--- START ---
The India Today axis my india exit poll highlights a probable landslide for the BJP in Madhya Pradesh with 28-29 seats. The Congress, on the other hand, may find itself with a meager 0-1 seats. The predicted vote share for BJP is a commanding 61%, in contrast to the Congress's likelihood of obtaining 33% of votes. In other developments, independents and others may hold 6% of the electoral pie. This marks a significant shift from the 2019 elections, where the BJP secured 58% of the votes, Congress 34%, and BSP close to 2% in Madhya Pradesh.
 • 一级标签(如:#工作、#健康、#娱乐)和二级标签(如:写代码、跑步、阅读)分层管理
--- END ---
--- START ---
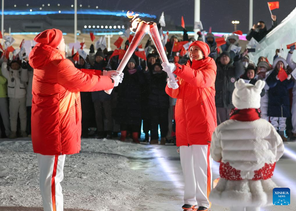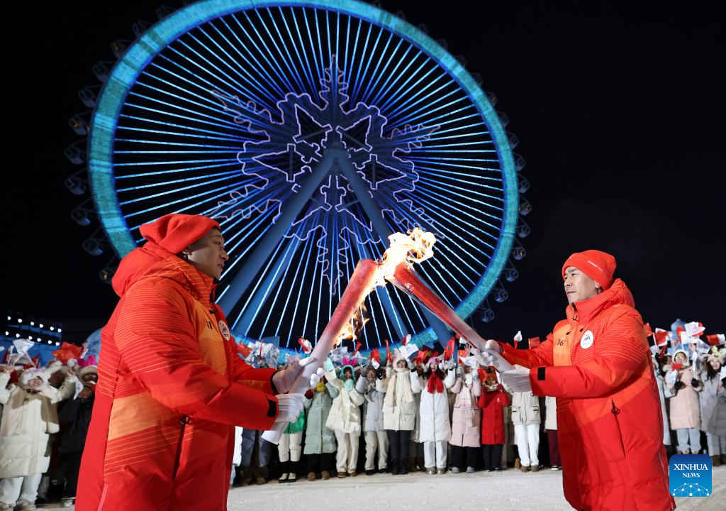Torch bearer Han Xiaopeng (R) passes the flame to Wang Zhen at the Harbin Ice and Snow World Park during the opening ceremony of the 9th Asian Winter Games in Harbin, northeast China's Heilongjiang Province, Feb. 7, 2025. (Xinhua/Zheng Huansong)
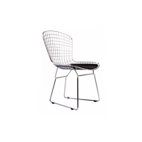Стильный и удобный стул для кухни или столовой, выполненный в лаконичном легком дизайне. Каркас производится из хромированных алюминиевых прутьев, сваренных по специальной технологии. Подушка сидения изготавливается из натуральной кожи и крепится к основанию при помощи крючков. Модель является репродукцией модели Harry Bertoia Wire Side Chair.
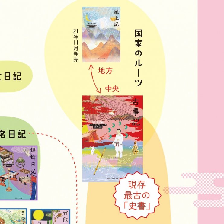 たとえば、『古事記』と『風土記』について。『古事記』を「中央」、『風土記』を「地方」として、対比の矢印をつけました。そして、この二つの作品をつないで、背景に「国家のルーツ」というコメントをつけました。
--- END ---
--- START ---
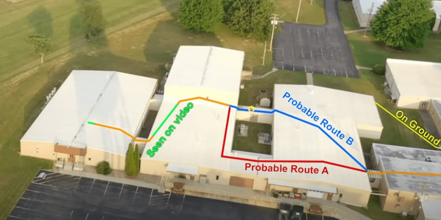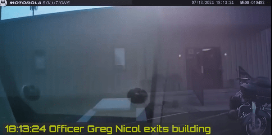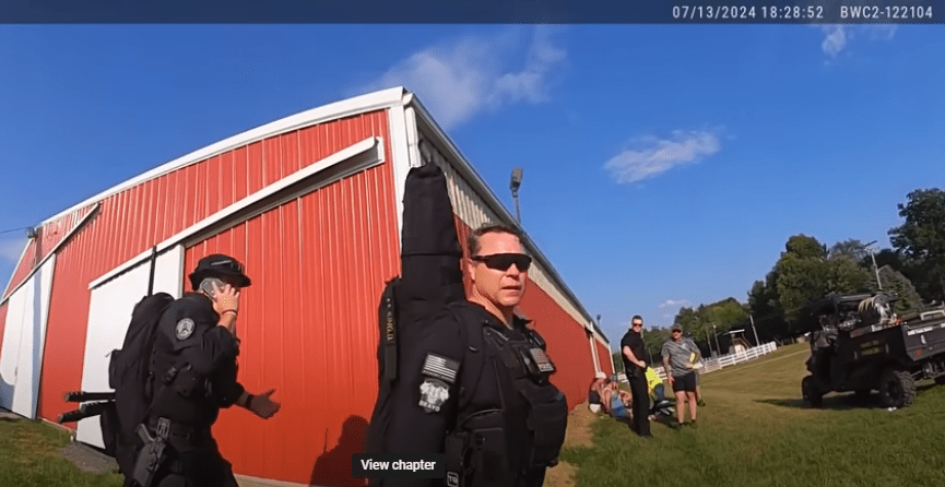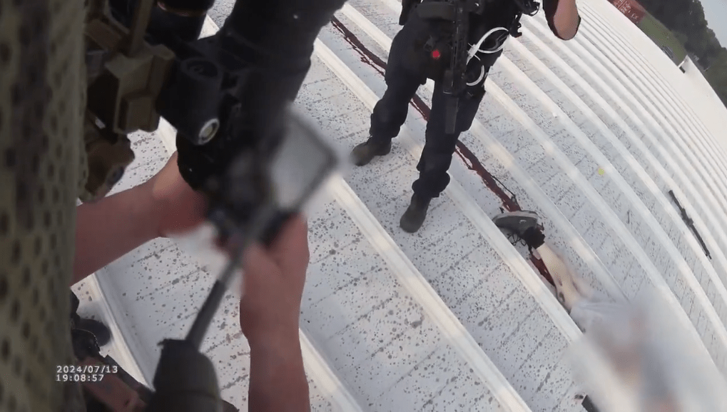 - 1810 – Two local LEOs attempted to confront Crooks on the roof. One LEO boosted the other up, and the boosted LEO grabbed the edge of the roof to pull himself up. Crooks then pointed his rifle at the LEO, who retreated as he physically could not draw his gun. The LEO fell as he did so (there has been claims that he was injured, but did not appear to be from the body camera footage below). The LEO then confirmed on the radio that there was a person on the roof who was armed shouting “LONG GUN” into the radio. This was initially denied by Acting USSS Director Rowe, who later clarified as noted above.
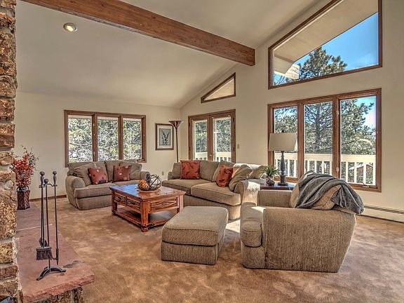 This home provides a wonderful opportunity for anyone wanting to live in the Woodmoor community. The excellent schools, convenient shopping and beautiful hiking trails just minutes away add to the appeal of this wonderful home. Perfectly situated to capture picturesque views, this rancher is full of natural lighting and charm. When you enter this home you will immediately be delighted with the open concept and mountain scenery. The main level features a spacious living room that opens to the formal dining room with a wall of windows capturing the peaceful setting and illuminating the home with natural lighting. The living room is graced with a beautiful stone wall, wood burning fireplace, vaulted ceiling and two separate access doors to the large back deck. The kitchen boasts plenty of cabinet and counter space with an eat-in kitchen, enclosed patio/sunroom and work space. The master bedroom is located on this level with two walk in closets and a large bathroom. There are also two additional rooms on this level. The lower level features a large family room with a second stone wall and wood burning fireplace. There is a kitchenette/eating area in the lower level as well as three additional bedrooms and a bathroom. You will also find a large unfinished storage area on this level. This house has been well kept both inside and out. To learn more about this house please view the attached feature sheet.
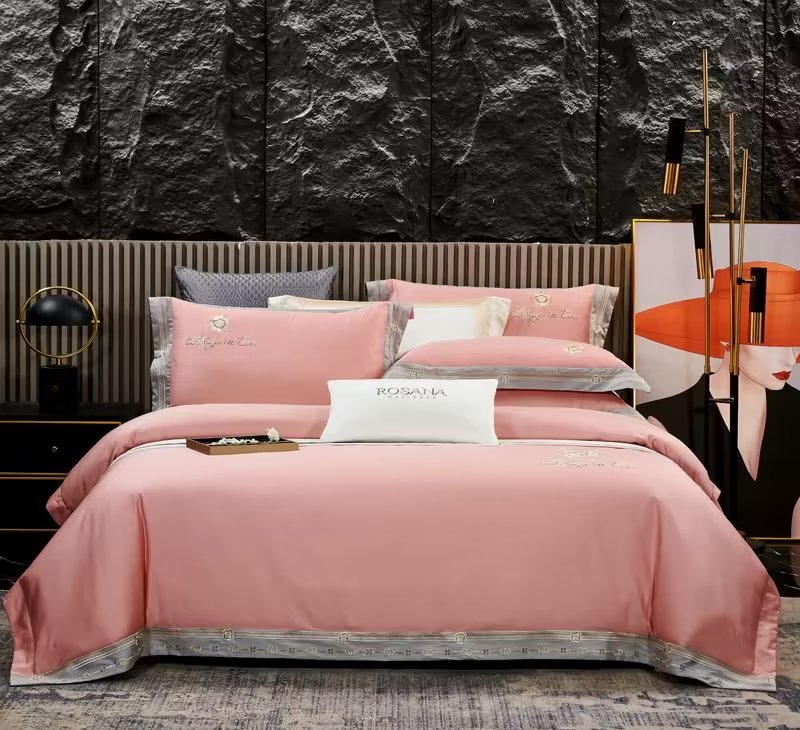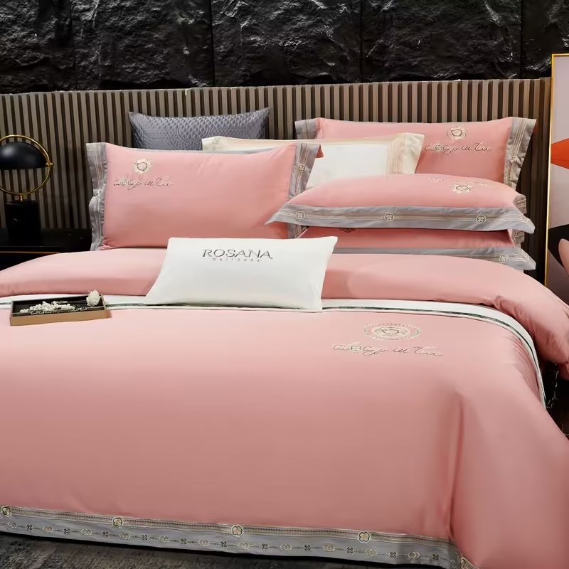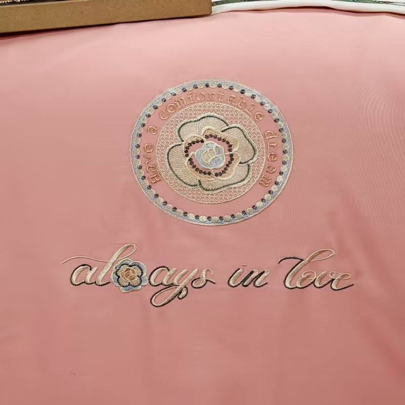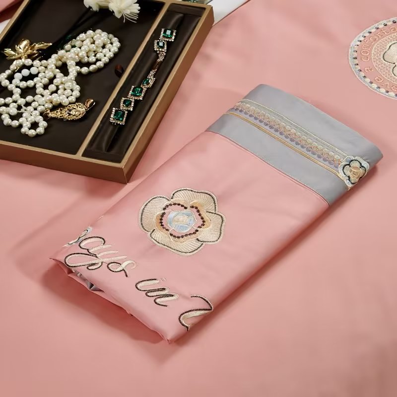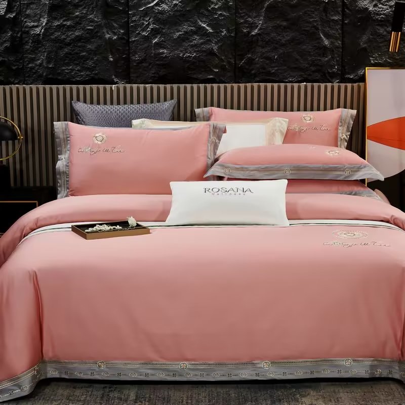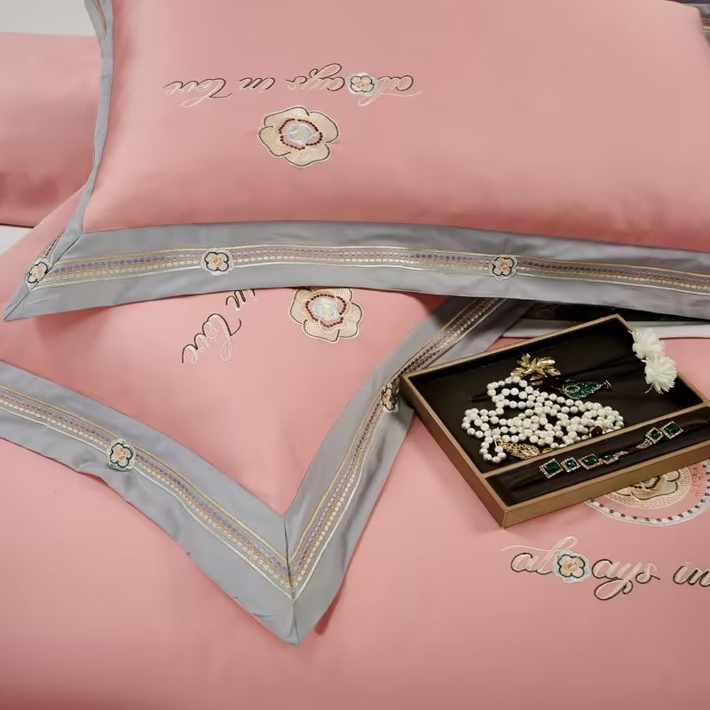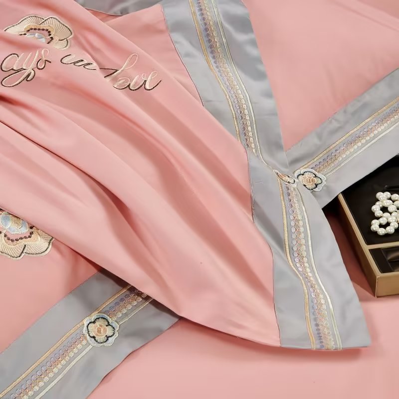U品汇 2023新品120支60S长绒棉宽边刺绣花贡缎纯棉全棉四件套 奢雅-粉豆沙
--- END ---
### GOAL OF THE EXERCISE
Reproduce the lines above beginning at the line that contains "This home provides" and ending at the line that contains "U品汇 2023新品120支60S长绒棉宽边刺绣花贡缎纯棉全棉四件套 奢雅-粉豆沙". No pictures.

### WRITTEN ANSWER
 This home provides a wonderful opportunity for anyone wanting to live in the Woodmoor community. The excellent schools, convenient shopping and beautiful hiking trails just minutes away add to the appeal of this wonderful home. Perfectly situated to capture picturesque views, this rancher is full of natural lighting and charm. When you enter this home you will immediately be delighted with the open concept and mountain scenery. The main level features a spacious living room that opens to the formal dining room with a wall of windows capturing the peaceful setting and illuminating the home with natural lighting. The living room is graced with a beautiful stone wall, wood burning fireplace, vaulted ceiling and two separate access doors to the large back deck. The kitchen boasts plenty of cabinet and counter space with an eat-in kitchen, enclosed patio/sunroom and work space. The master bedroom is located on this level with two walk in closets and a large bathroom. There are also two additional rooms on this level. The lower level features a large family room with a second stone wall and wood burning fireplace. There is a kitchenette/eating area in the lower level as well as three additional bedrooms and a bathroom. You will also find a large unfinished storage area on this level. This house has been well kept both inside and out. To learn more about this house please view the attached feature sheet.
U品汇 2023新品120支60S长绒棉宽边刺绣花贡缎纯棉全棉四件套 奢雅-粉豆沙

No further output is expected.